PoLA/CFPiP/PCS Guidelines for the Management of Dyslipidaemias for Family Physicians 2016

2017 
Dyslipidaemias are the most common yet the least well-controlled risk factor for cardiovascular disease (CVD) in Poland [1]. The main modifiable risk factors for atherosclerosis and its complications including ischaemic heart disease (IHD), stroke and peripheral artery disease (PAD) are: smoking, type 2 diabetes, arterial hypertension, inappropriate diet and eating habits, inadequate physical activity as well as the resulting overweight and obesity [6]. As shown by epidemiological studies conducted in Poland, there is a nationwide growth in the above risk factors (with the exception of smoking in the majority of age groups), which is attributable to the increasing prevalence of poor eating habits and sedentary lifestyle [1]. The elimination of risk factors represents one of the greatest challenges to be faced in the domain of public health.
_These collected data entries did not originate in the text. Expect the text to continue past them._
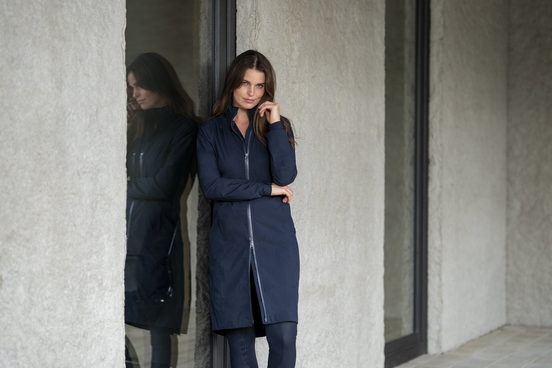 Euro-Star Sandi ohut parkatakki on vedenpitävä ja hengittävä. Takin saumat ovat kauttaaltaan teipatut, jolloin vesi ei pääse niiden kautta valumaan läpi. Hihojen ja olkapäiden leikkaus mahdollistaa maksimaalisen liikkuvuuden. Selkäpuolella on helmassa halkio, mikä mahdollistaa myös ratsastuksen. Takissa on kaksisuuntainen vetoketju, säädettävät tarrat hihansuissa ja joustavat jalkalenkit. Huppu on mahdollista piilottaa kauluksen sisään.
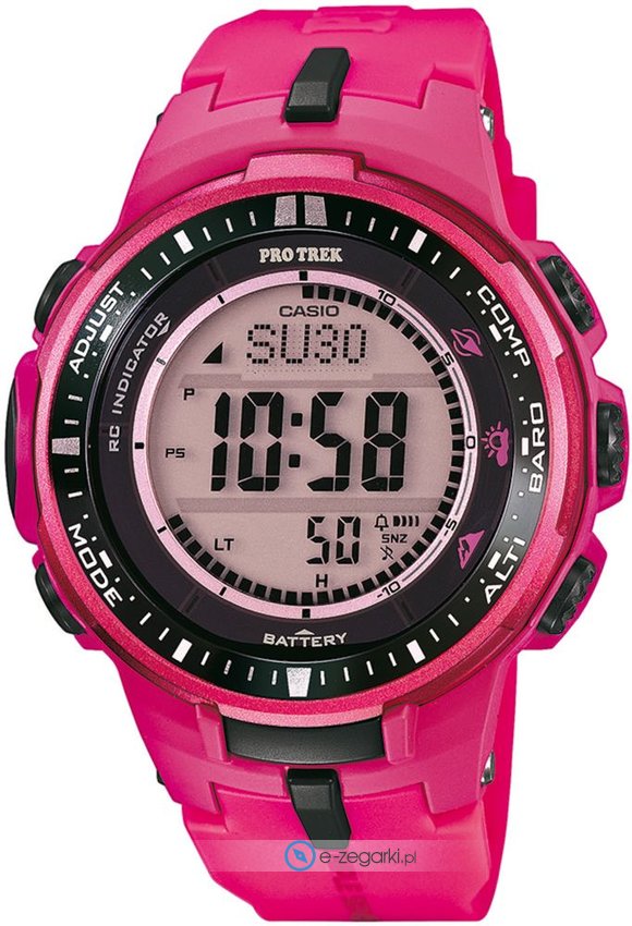 Wśród dodatkowych cech zegarka Casio PRW-3000-4BER można wymienić kompas, który dobrze sprawdza się w czasie podróży wskazując kierunki geograficzne: północ, południe, wschód, zachód, wysokościomierz pokazujący aktualną wysokość nad poziomem morza jak również barometr - który sprawdza aktualne ciśnienie atmosferyczne.
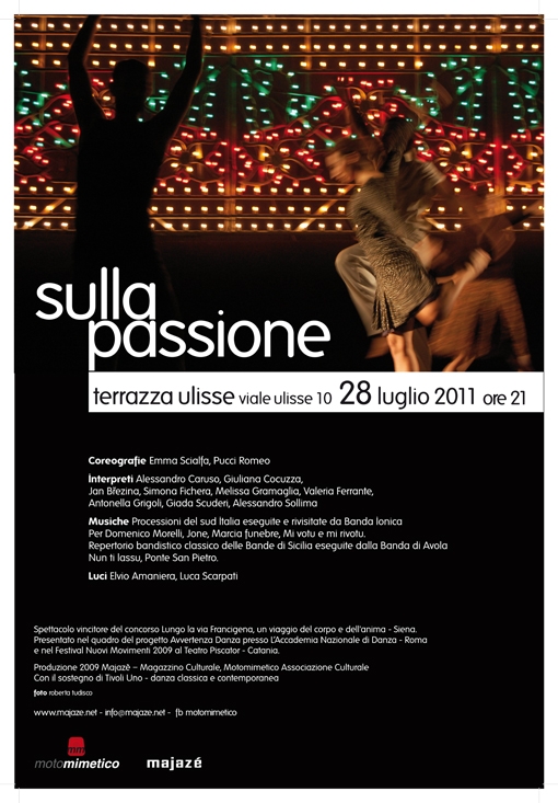 Sulla Passione è il risultato finale di un laboratorio coreografico proposto dalla compagnia MotoMimetico. Diretti dai due coreografi Emma Scialfa e Pucci Romeo, i danzatori sono stati protagonisti di un viaggio tra temi di complessa suggestione culturale, pervenendo alla scoperta e quindi all’analisi di una gestualità e di elementi rinvenibili nella cultura mediterranea.
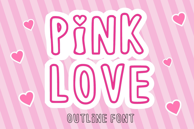 Pink Love is a delightful, bold outline font that captures a whimsical, hand-drawn aesthetic, perfect for designs that need a cute and energetic typography style.
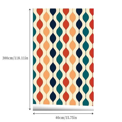 Vintage Retro Wallpaper, Colored Geometric Abstract Wall Paper Peel and Stick 70s Style Wallpaper Self-Adhesive Shelf Liner Funitures Dresser Drawer Cabinet Decor Walls Decal 15.7X118 Inches
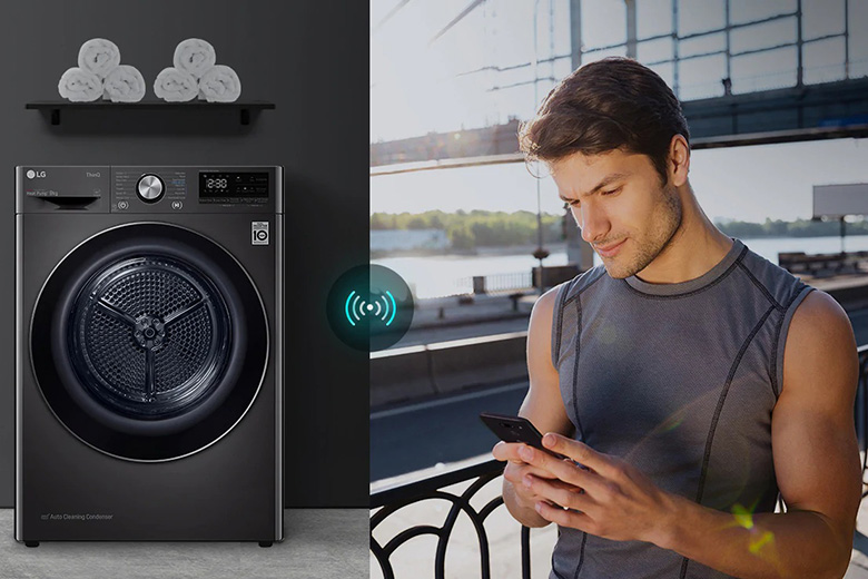 Máy sấy LG DVHP09B hỗ trợ kết nối với smartphone thông qua ứng dụng LG ThinQ™, cho phép người dùng điều khiển và theo dõi trạng thái máy mọi lúc, mọi nơi.
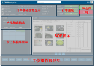 针对第一点,系统有良好的用户界面,APRISO区别于市面上其他的MOM产品只能让用户被动接受界面布局的现状,APRISO可以灵活的配置用户界面。以下是某工厂一线生产作业人员的用户界面,在该界面中显示了订单信息、当前质量情况、工序SOP以及生产线需要的一些操作按钮如叫料、异常呼叫、报修等等。
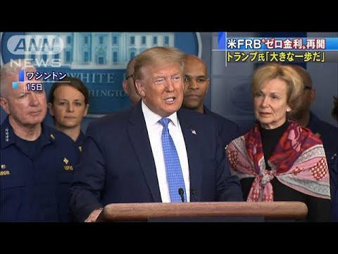FRBは15日、「新型コロナウイルスの感染が地域社会を傷付け、経済を混乱させている」として政策金利を一気に1%引き下げ、「年0.0%から0.25%」の範囲に引き下げると発表しました。事実上のゼロ金利政策を約4年ぶりに導入します。また、今後、7000億ドル、約75兆円分のアメリカ国債などを買い入れて経済の下支えにあらゆる手段を動員するとしています。FRBのパウエル議長は「新型コロナウイルスがアメリカや世界の人々に甚大な影響を及ぼしている」という厳しい認識を示しました。一方で、アメリカが景気後退入りするという見方は否定しました。
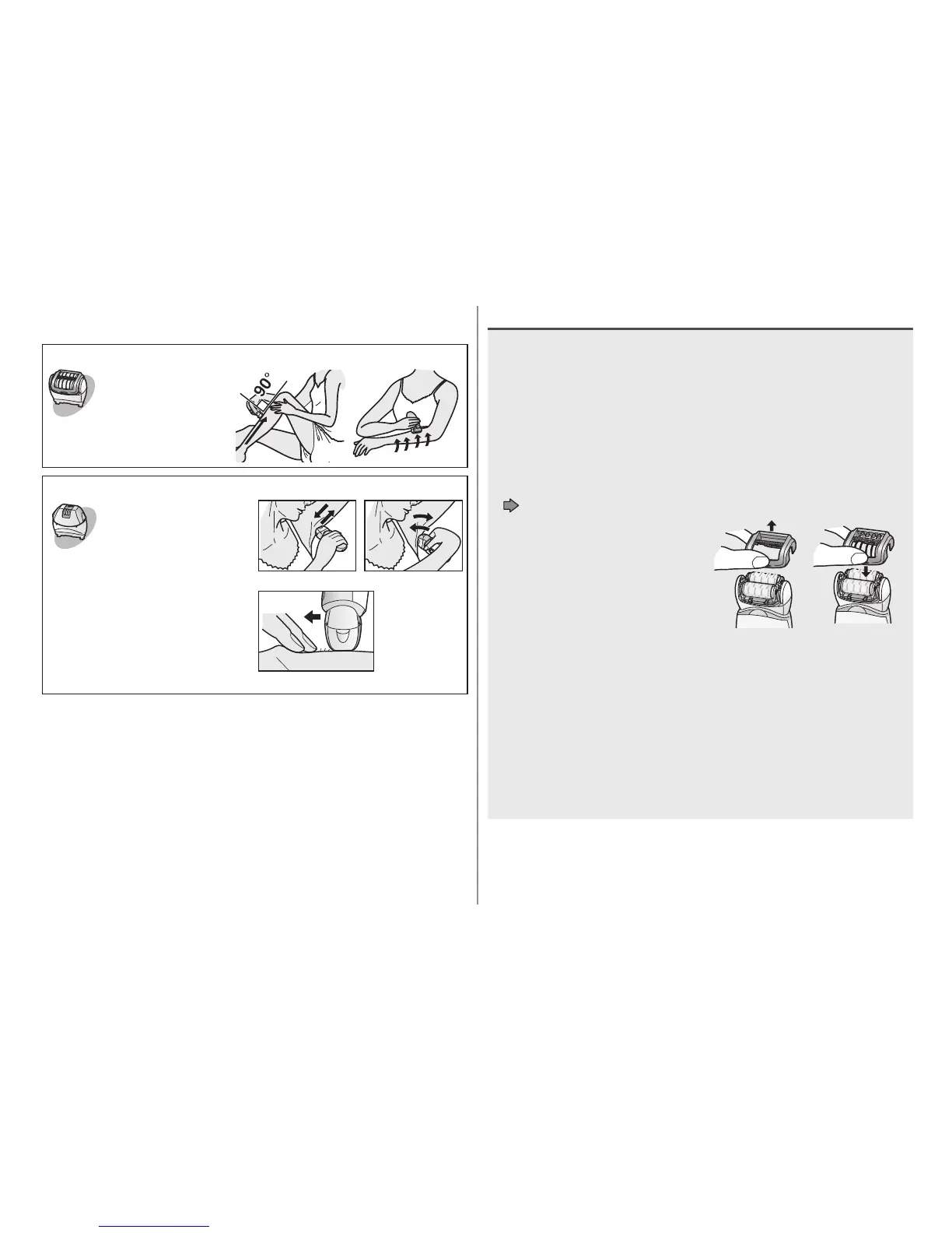 • Apply the epilator at 90° to your skin and move it slowly so that

In order to rise to up to the challenge, wide-ranging population prevention measures are needed. However, family physicians as well as other health professionals (cardiologists, internists) have a special responsibility towards high-risk patients. The group definitely comprises a considerable proportion of dyslipidaemia patients. Consequently, dyslipidaemia management should be an element of a broader strategy targeted at lowering total CV risk and, hence, reducing mortality, morbidity and disability associated with CVD.